4.1. Compliance with Data on N-Tosyl-Tetrahydroisoquinoline Compounds

In Model 1, molecule 8 (4h) had a Cook’s distance of 0.507 [1]. In Model 2, compound 4 (4h) had a statistic of 4.372, above 0.5, while molecule 6 (4k) had 0.812. These data were outliers [1]. They were removed before linear regression analysis [4]. Those for models 1 and 2 were heterogeneous, with CVs over 15% [7]. For Model 1, DV MOLT3 was 39%, IV Mor32u was 41%. In Model 2, DV HepG2 was 16%, IV Mor32u was 59%, and IV Mor31v was 19%.

The DVs and IVs in models 1 and 2 were continuous; they were quantitative with no constraints [1] [4]. DV data were normally distributed (KS test: p = 0.730). MOLT3 and HepG2 activities originated from different molecules, ensuring their independence from each other. The non-zero variance premises were violated. Furthermore, Model 1 had VIFs of 1.028. Those of Model 2 were worth 1.899 for IV Mor32u, 1.872 for Mor31v and 1.030 for PIJ3. All values were below 10, indicating an absence of multicollinearity between the IVs of the two models [1] [11]. Figure 1 indicates that Model 1 has deviated from the y=0 line, thereby compromising its linearity [9] [13]. Similarly, Figure 2, associated with Model 2, depicts a comparable scenario.
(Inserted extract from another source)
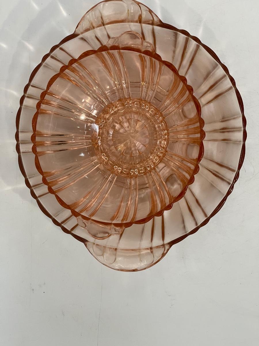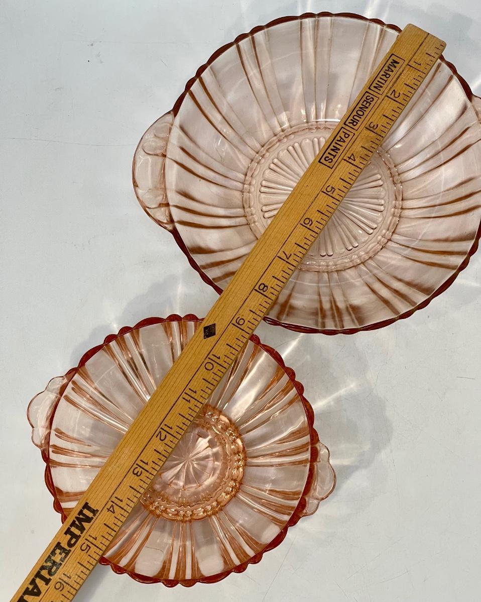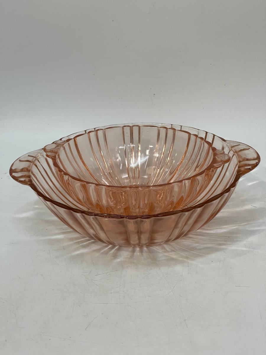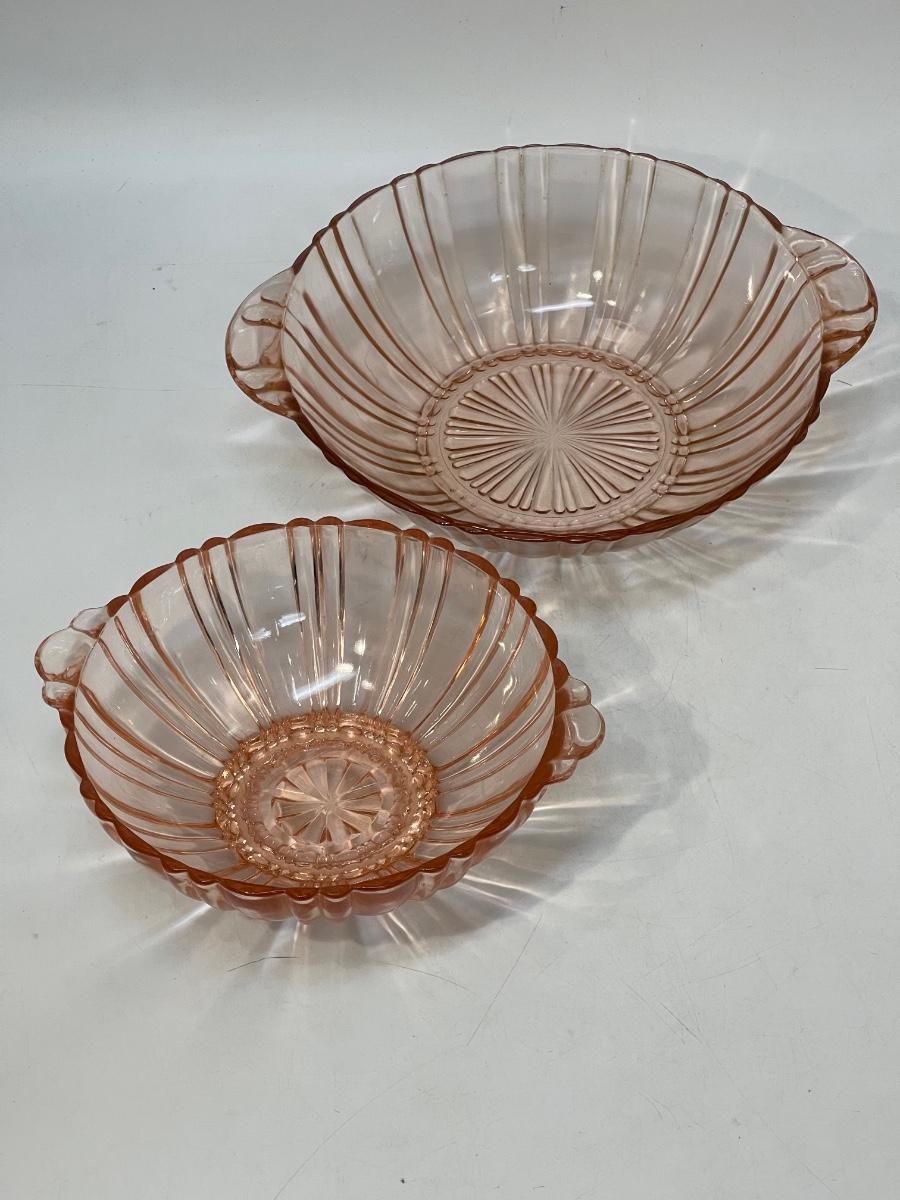 Anchor Hocking Pink Depression glass bowls 6” & 8" Serving Bowls with Handles
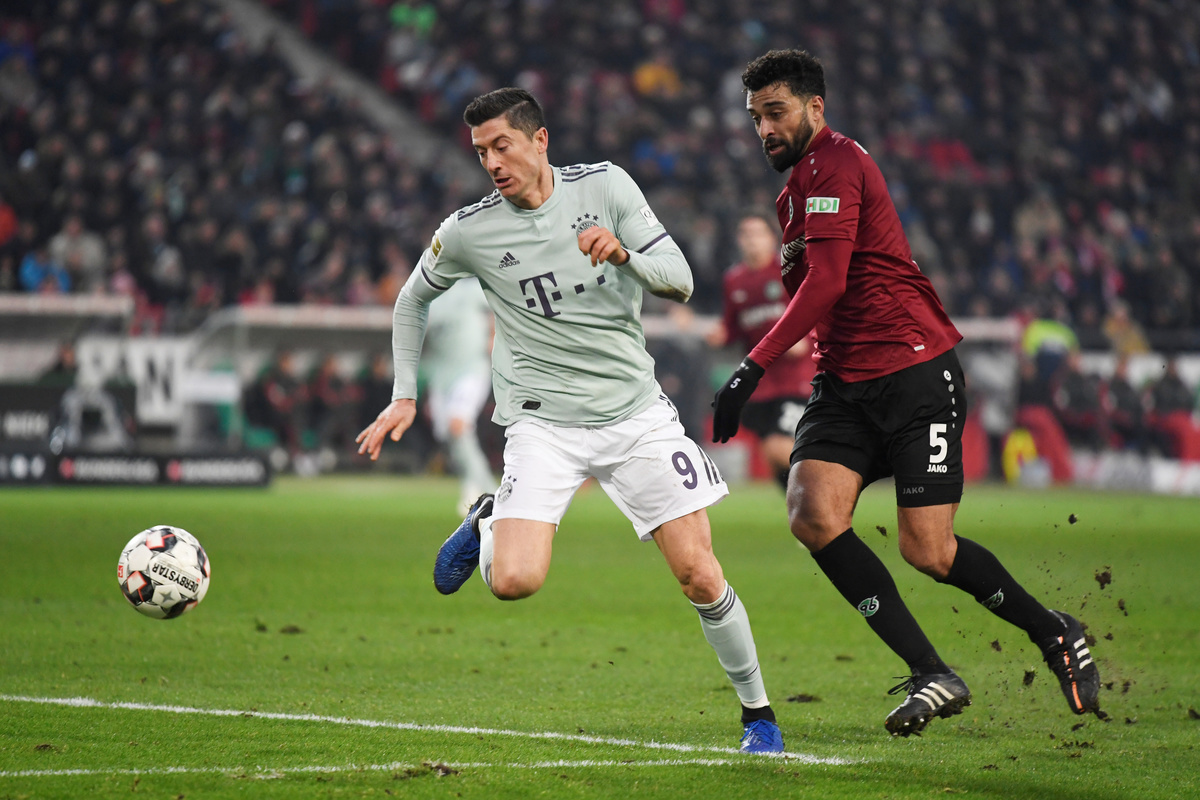 Soccer Football - Bundesliga - Hannover 96 v Bayern Munich - HDI-Arena, Hanover, Germany - December 15, 2018 Bayern Munich's Robert Lewandowski in action with Hannover's Kevin Wimmer REUTERS/Fabian Bimmer DFL regulations prohibit any use of photographs as image sequences and/or quasi-video

The models used small samples. Model 1 employed 11 molecules, less than the 66 and 106 obtained with Equations (1) [3] and (2) [4]. Likewise, Model 2 exploited compounds instead of the needed 74 and 107. The Breusch-Pagan test revealed heteroscedasticity in Model 1 (F = 0.117, p = 0.891) and Model 2 (F = 0.545, p = 0.665) [9] [12].

Figure 1. Model 1’s linear relationship analysis.

Figure 2. Model 2’s linear relationship analysis.

The points in the normal P-P plot of Model 1 didn’t align along the diagonal, as shown in Figure 3. Similarly, those in Model 2, illustrated in Figure 4, didn’t align either. In both cases, the residuals weren’t normally distributed around zero [9]. Model 1 produced a Durbin-Watson statistic of 2.668, while Model 2 generated 2.736. These values suggest that errors in both models are independent [8]. A summary of the results can be found in Table 1. The models respected the same premises.

Figure 3. Assessment of Model 1 residuals for normal distribution.

Figure 4. Assessment of Model 2 residuals for normal distribution.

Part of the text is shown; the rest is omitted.